● Extracted information
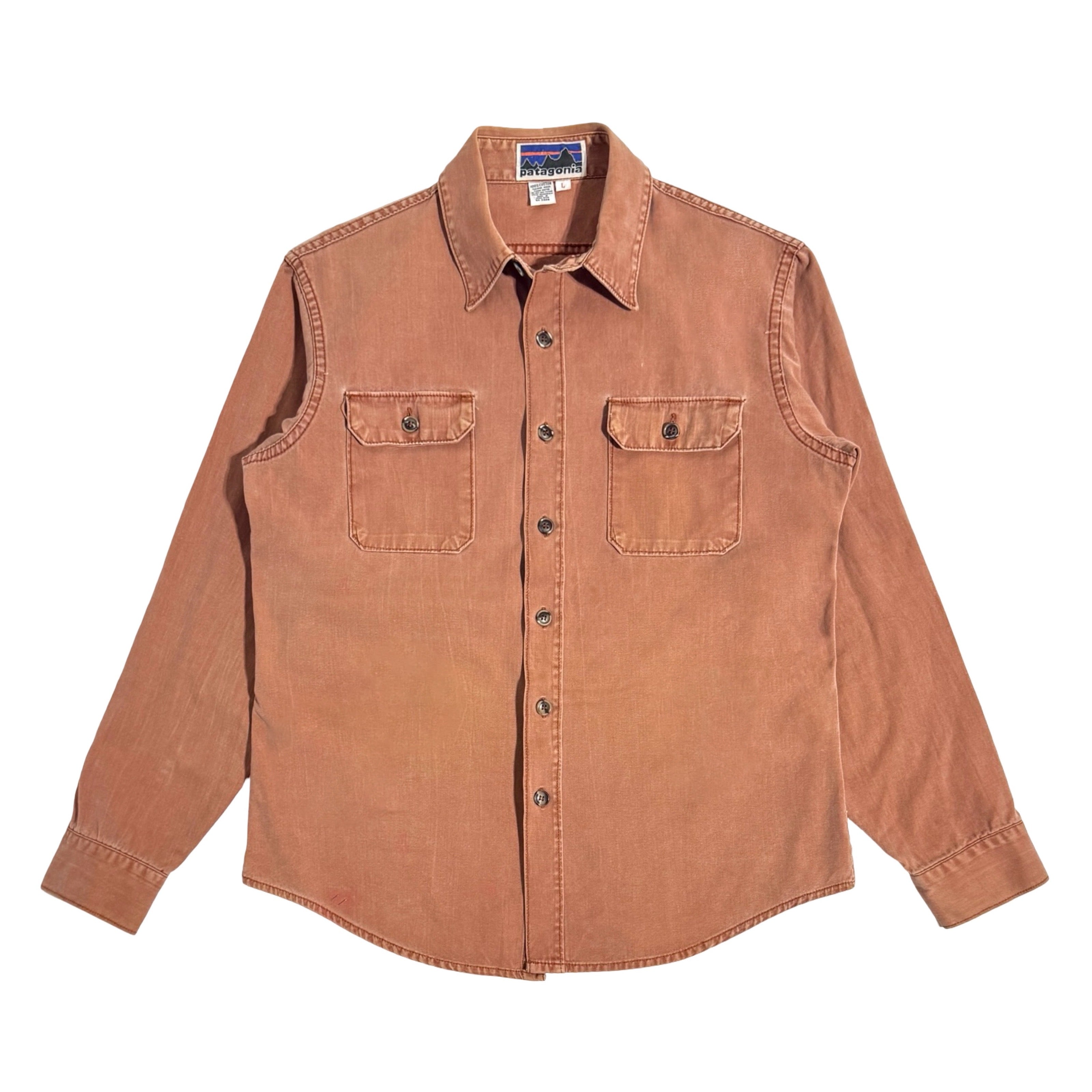 1950’S MASK HANDMADE SELVEDGE FLECKED SLUB LINEN FLAP POCKET LOOP COLLAR S/S B.D. SHIRT LARGE
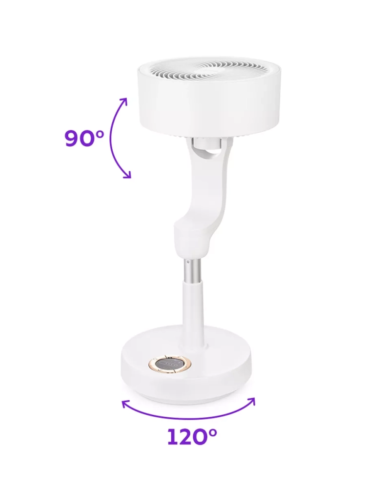 Функция автоматического вращения в горизонтальной плоскости позволит охватить большее пространство для обдува. Вентилятор может вращаться по горизонтали на 120°. Вы также можете установить вручную удобный угол наклона оголовья — оно поворачивается вверх и вниз на 90°.
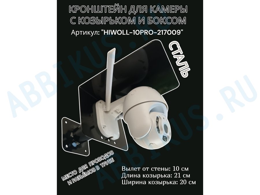В корзину Купить в 1 клик Кронштейн с боксом и козырьком для видеокамеры "HIWOLL-10PRO-217009" черный, вылет 10см, сталь
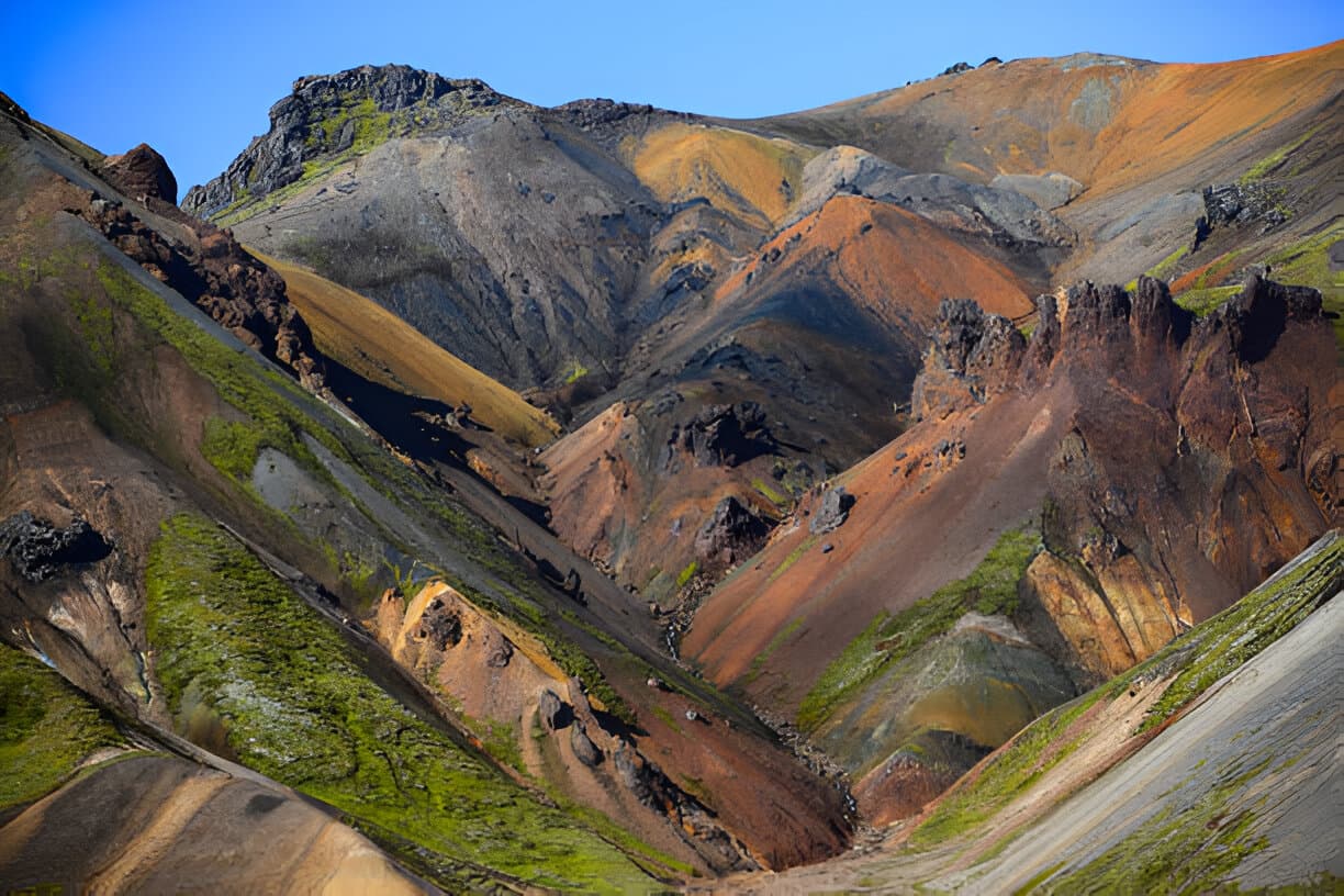 Your expert driver-guide will navigate deep into the heart of Landmannalaugar, where rainbow-colored rhyolite mountains and steaming geothermal rivers await. Take a scenic hike or relax in a natural hot spring, surrounded by lava fields and untouched wilderness. Throughout the day, you'll visit lesser-known gems like Sigöldufoss, Hjálparfoss, and Frostastadavatn Lake — all in the comfort and safety of a specially modified 4x4 Super Jeep.
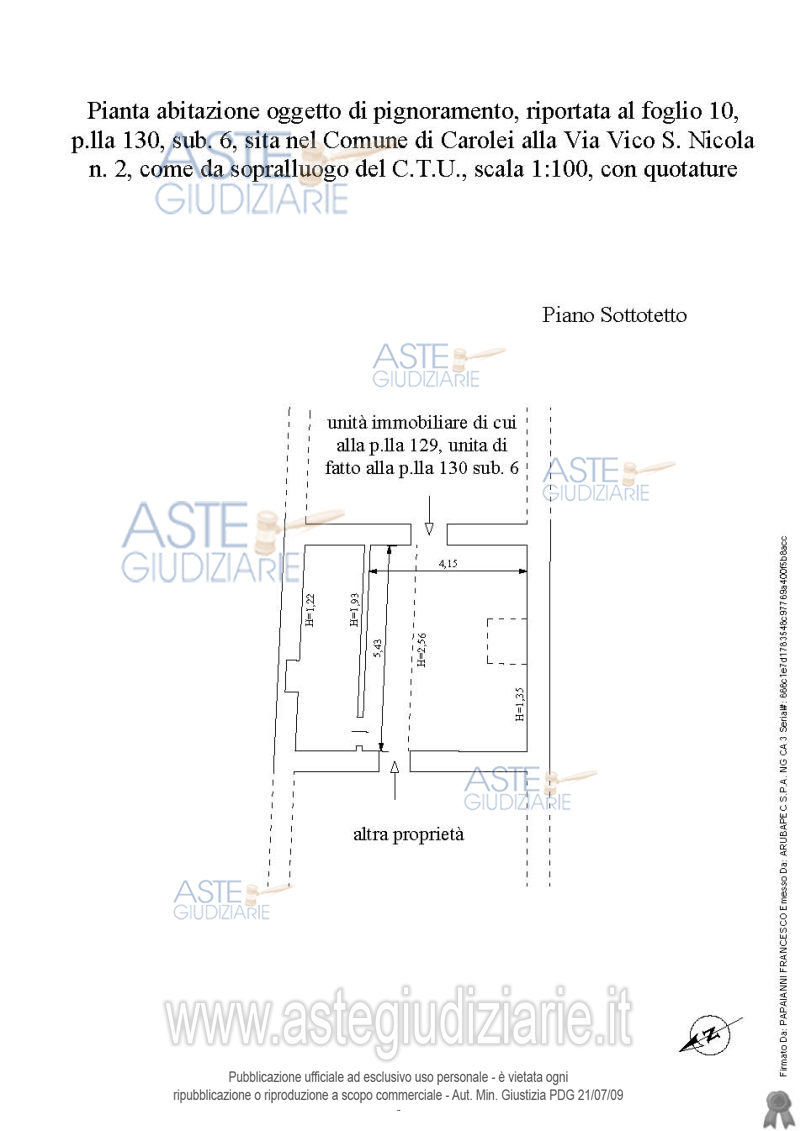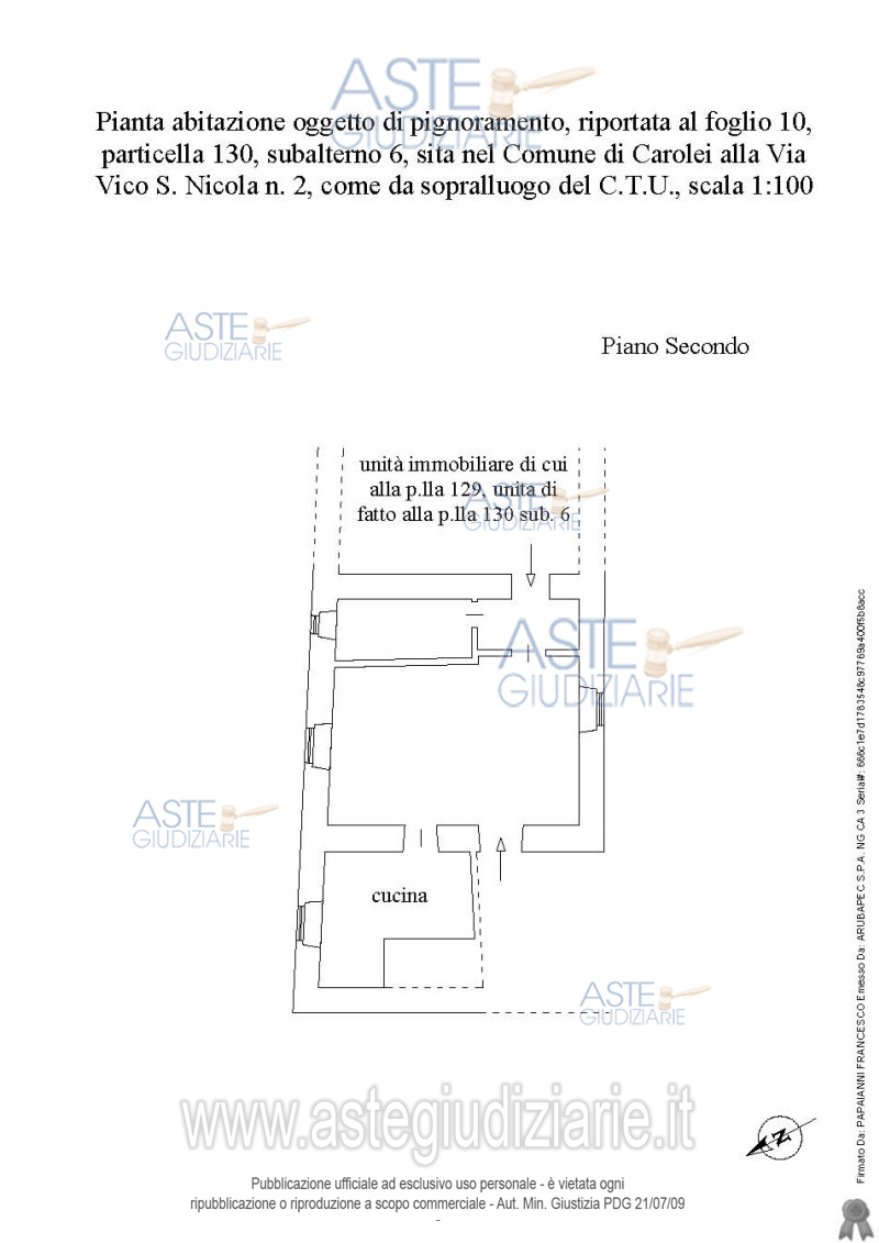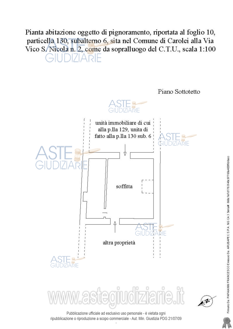 Vendita all'asta Senza incanto, con gara telematica sincrona - LOTTO 9: Piena proprietà bene pignorato riportato al foglio 10 p.lla 130 sub 6 sito in Carolei Via Vico San Nicola n.2 categoria A/5 di classe 2, piani secondo e sottotetto, rendita catastale euro 61,97, consistenza vani 2,5, superficie catastale 56 mq. Il lotto di cui sopra risulta meglio descritto nella relazione dell’esperto estimatore del 05/06/2023 che è da intendersi qui integralmente richiamata e trascritta e deve essere consultata dall’offerente per ogni informazione. Prezzo base € 11.266,55 (offerta minima € 8.449,92). Data vendita 24/10/2025 ore 15:30. Giudice Dott. Giuseppe Sicilia. Professionista delegato alla vendita Dott. Adriana Bajamonte - Email "abajamonte@gmail.com"; Tel. 3356300362. Custode Giudiziario Dott. Adriana Bajamonte - Email "abajamonte@gmail.com"; Tel. 3356300362. Rif. Tribunale di Cosenza - Esecuzione immobiliare post legge 80 n. 186/2021

● What is needed
Reproduce the entire listing exactly, but omit any pictures.

● Answer to the exercise
 1950’S MASK HANDMADE SELVEDGE FLECKED SLUB LINEN FLAP POCKET LOOP COLLAR S/S B.D. SHIRT LARGE
 Функция автоматического вращения в горизонтальной плоскости позволит охватить большее пространство для обдува. Вентилятор может вращаться по горизонтали на 120°. Вы также можете установить вручную удобный угол наклона оголовья — оно поворачивается вверх и вниз на 90°.
В корзину Купить в 1 клик Кронштейн с боксом и козырьком для видеокамеры "HIWOLL-10PRO-217009" черный, вылет 10см, сталь
 Your expert driver-guide will navigate deep into the heart of Landmannalaugar, where rainbow-colored rhyolite mountains and steaming geothermal rivers await. Take a scenic hike or relax in a natural hot spring, surrounded by lava fields and untouched wilderness. Throughout the day, you'll visit lesser-known gems like Sigöldufoss, Hjálparfoss, and Frostastadavatn Lake — all in the comfort and safety of a specially modified 4x4 Super Jeep.
 Vendita all'asta Senza incanto, con gara telematica sincrona - LOTTO 9: Piena proprietà bene pignorato riportato al foglio 10 p.lla 130 sub 6 sito in Carolei Via Vico San Nicola n.2 categoria A/5 di classe 2, piani secondo e sottotetto, rendita catastale euro 61,97, consistenza vani 2,5, superficie catastale 56 mq. Il lotto di cui sopra risulta meglio descritto nella relazione dell’esperto estimatore del 05/06/2023 che è da intendersi qui integralmente richiamata e trascritta e deve essere consultata dall’offerente per ogni informazione. Prezzo base € 11.266,55 (offerta minima € 8.449,92). Data vendita 24/10/2025 ore 15:30. Giudice Dott. Giuseppe Sicilia. Professionista delegato alla vendita Dott. Adriana Bajamonte - Email "abajamonte@gmail.com"; Tel. 3356300362. Custode Giudiziario Dott. Adriana Bajamonte - Email "abajamonte@gmail.com"; Tel. 3356300362. Rif. Tribunale di Cosenza - Esecuzione immobiliare post legge 80 n. 186/2021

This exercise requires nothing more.